Fitzmyer renders the former, being in the accusative, literally as "a little girl having a python spirit" or "a python as spirit", with the latter (in the genitive) as "the spirit of a python."2

In either case, both he and L. T. Johnson3 go on to explain that (per Plutarch) the pythōn was a mythical serpent or dragon slain by Apollo, that came to be associated with the Deplhic oracle as a guardian and the basis for one of the names of the prophetesses there. And so with its association to the oracle, the term came to denote a spirit of divination or a soothsayer.


  1. Metzger, B. M., United Bible Societies. (1994).
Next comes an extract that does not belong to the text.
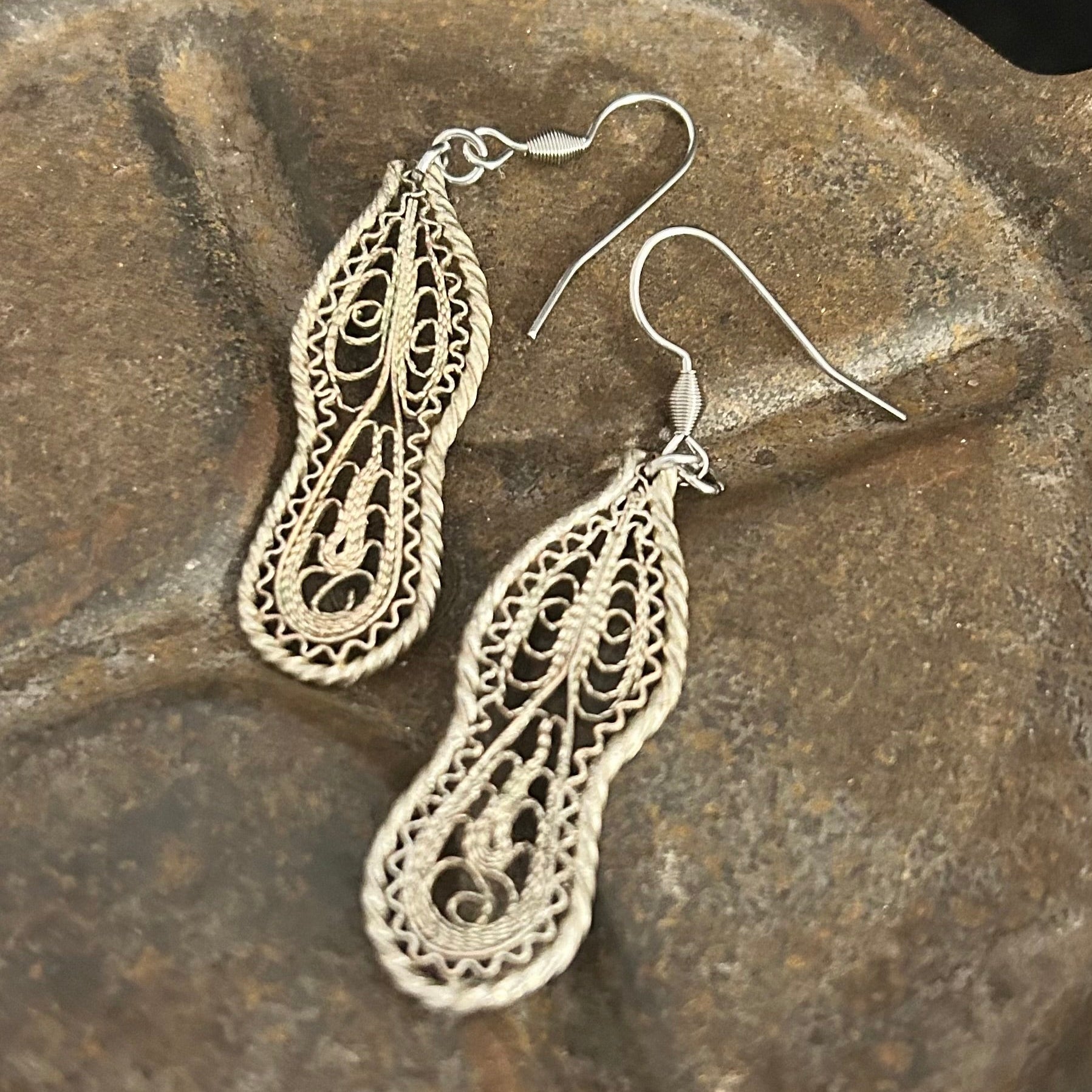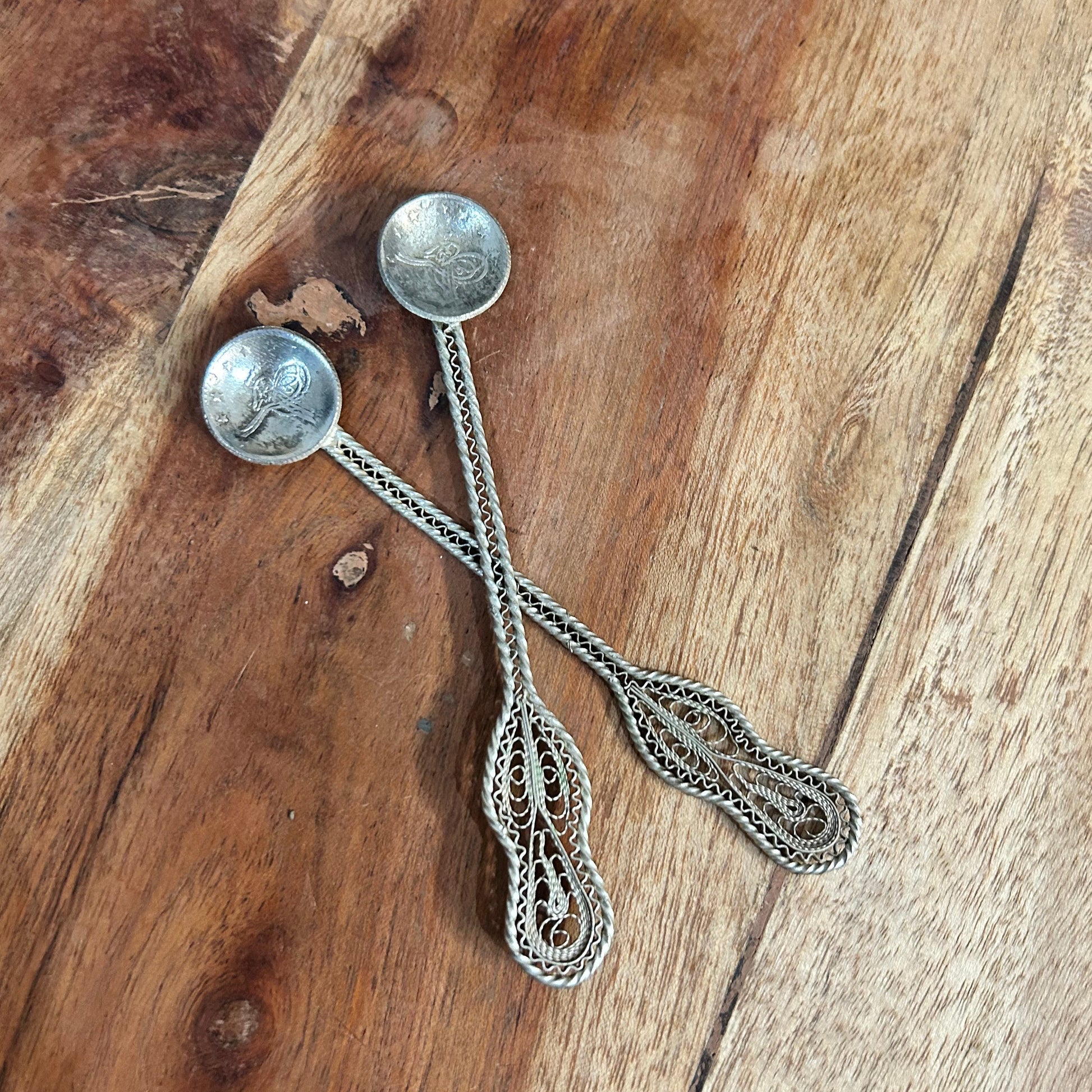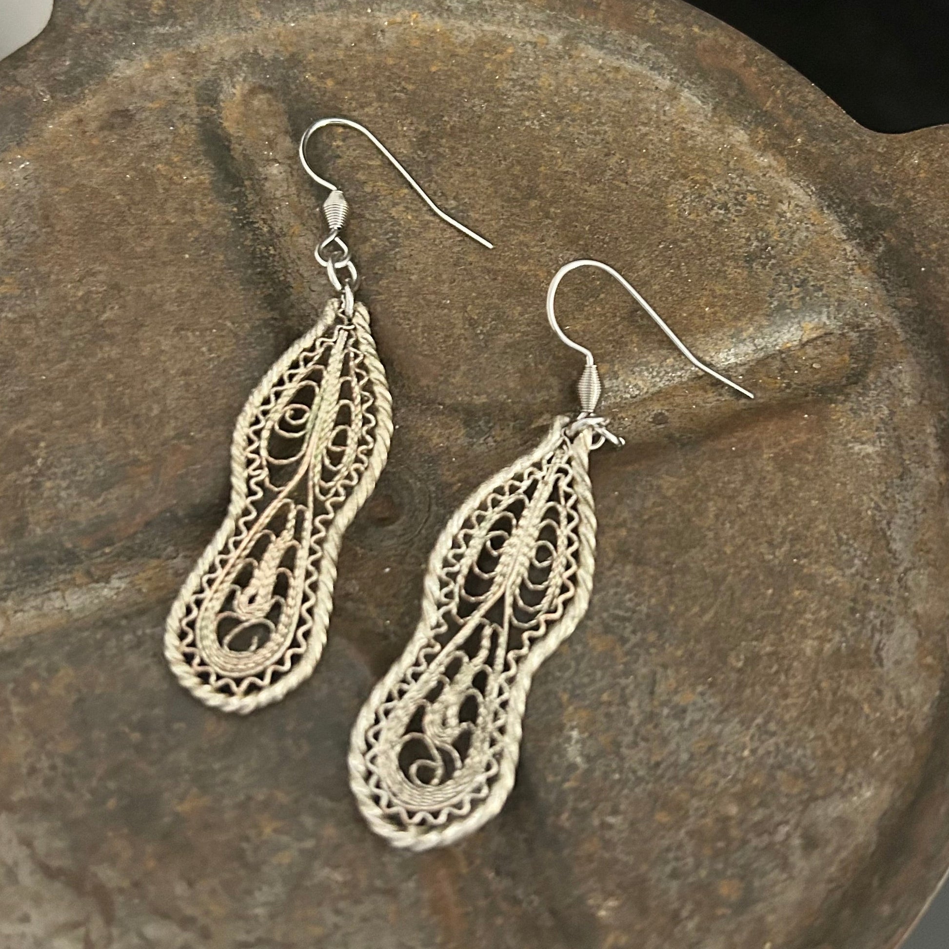 These exquisite earrings are hand crated from antique Turkish Ottoman silver, featuring intricate filigree work.

A textual commentary on the Greek New Testament, second edition a companion volume to the United Bible Societies’ Greek New Testament (4th rev. ed.) (p. 396). London; New York: United Bible Societies.

  2. Fitzmyer, J. A. (2008). The Acts of the Apostles: a new translation with introduction and commentary (Vol. 31, p. 586). New Haven; London: Yale University Press.
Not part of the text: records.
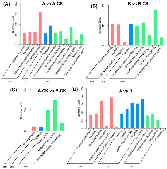 Gene Ontology (GO) classifications of differentially expressed genes. The differentially expressed genes were grouped into three hierarchically stretched GO terms, biological process (BP), cellular component (CC), and molecular functions (MF). (A) Comparison between A and A-CK, (B) Comparison between B and B-CK, (C) Comparison between A-CK and B-CK, (D) Comparison between A and B. Treatments: A-CK (Dawei-un-inoculated control), A (Dawei- inoculated with B. cinerea), B-CK (Qiuxiang-un-inoculated control), B (Qiuxiang- inoculated with B. cinerea).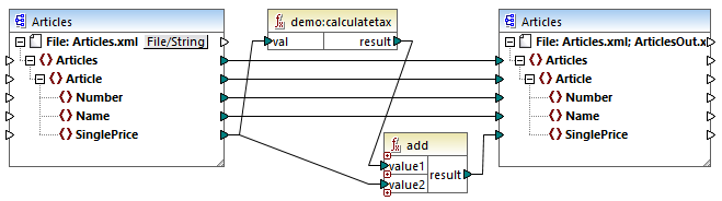 •The MapForce built-in add function adds the tax amount to the original SinglePrice amount and returns the final amount.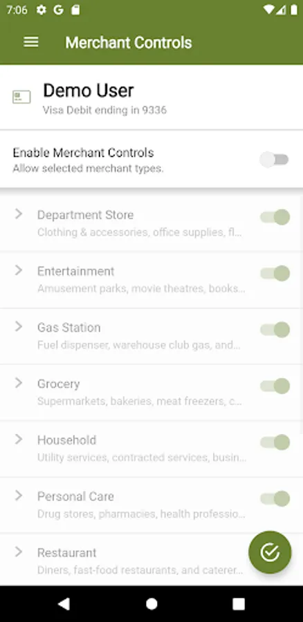 CardNav enables you to set controls regarding the transaction types, geographic rules, and the merchant types where your card can be used.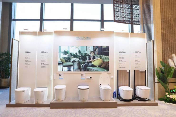 全场最瞩目的当属一系列智能马桶新品,具备三重柔光、三重脚触和众多杀菌健康功能的HZZ5028LT-Pro智能马桶,尽显智能旗舰风范。浮光系列、格兰系列、德琳系列等多种风格的高颜值、强收纳新品浴室柜,还有令人惊叹的1600mm可定制超大陶瓷盆配套高端浴室柜,可更好的满足消费者多样化需求。拥有超大置物平台和实时数显、氛围灯光的HWB0802-H02等高端花洒等,超高品质搭配人性化功能,更符合时下年轻消费者喜好。一众新品的闪亮登场,将为广大经销商朋友们在2025的市场征战中备下充足的弹药。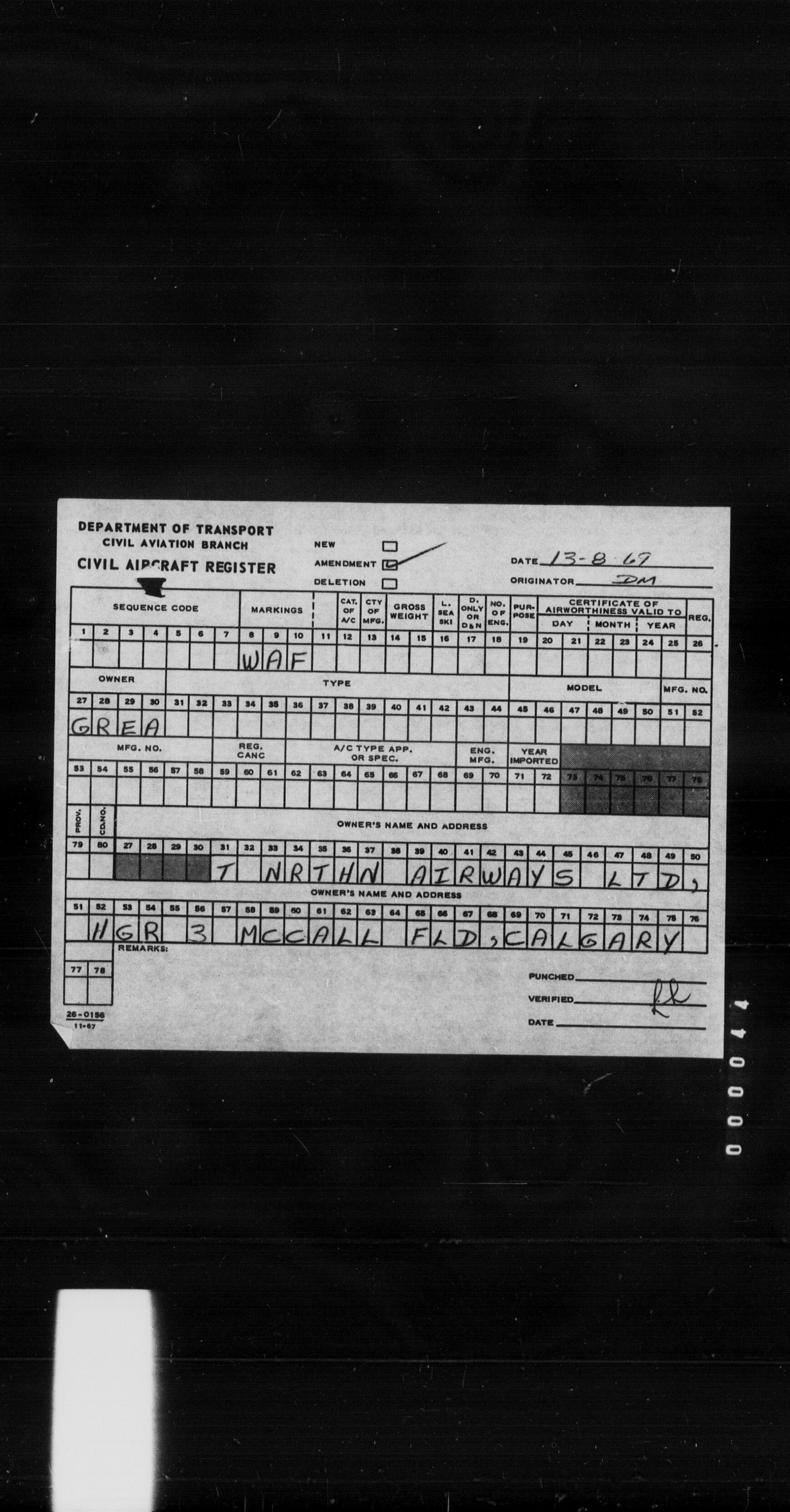 Department of Transport : Civil aircraft registration, inspection and operation files, block 5008, 1920-1986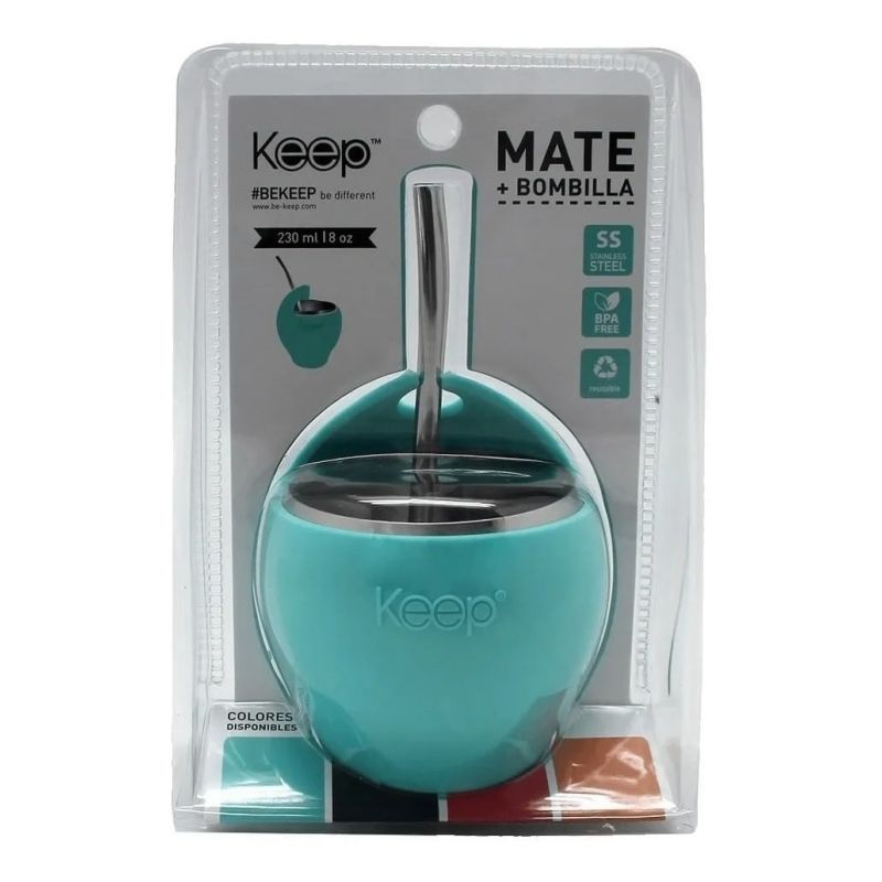 Mate Termico Keep + Bombilla Celeste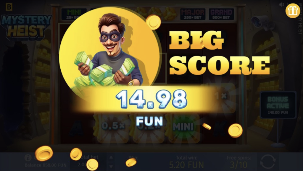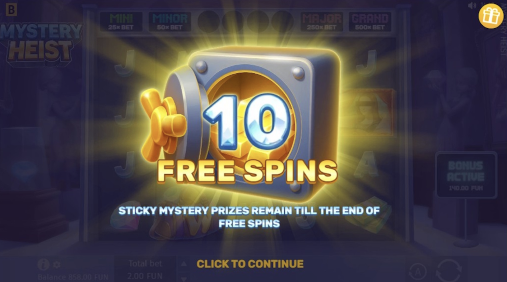 La emoción del Mystery Heist slot no termina con los premios fijos. BGaming ha integrado un modo de giros gratis que puede multiplicar tus ganancias y extender tu tiempo de juego de manera significativa.

  3. Johnson, L. T. (1992). The Acts of the Apostles. (D. J. Harrington, Ed.) (Vol. 5, p. 293). Collegeville, MN: The Liturgical Press.

  • 1
    Nice. :) Might help to point out that the difference is one of accusative (-ωνα) which is then, I guess, appositional with πνεῦμα which is also accusative ("having a spirit, i.e., a python spirit...") vs. genetive (-ωνος) which is definitely the easier ("the spirit of a python") -- which is of course the alternative that Fitzmyer offers. It seems not much has changed here since the Expositor's Greek except the preference for the more difficult reading rather than the easier (and, perhaps, expected) one.
    – Dɑvïd
    Feb 28, 2015 at 22:26
  • @Davïd Yeah, as well, Pervo sees πνεῦμα πύθωνα as redundant - πύθωνα already containing the idea of a spirit - and thinks that explains the correction to πύθωνος in D and P45.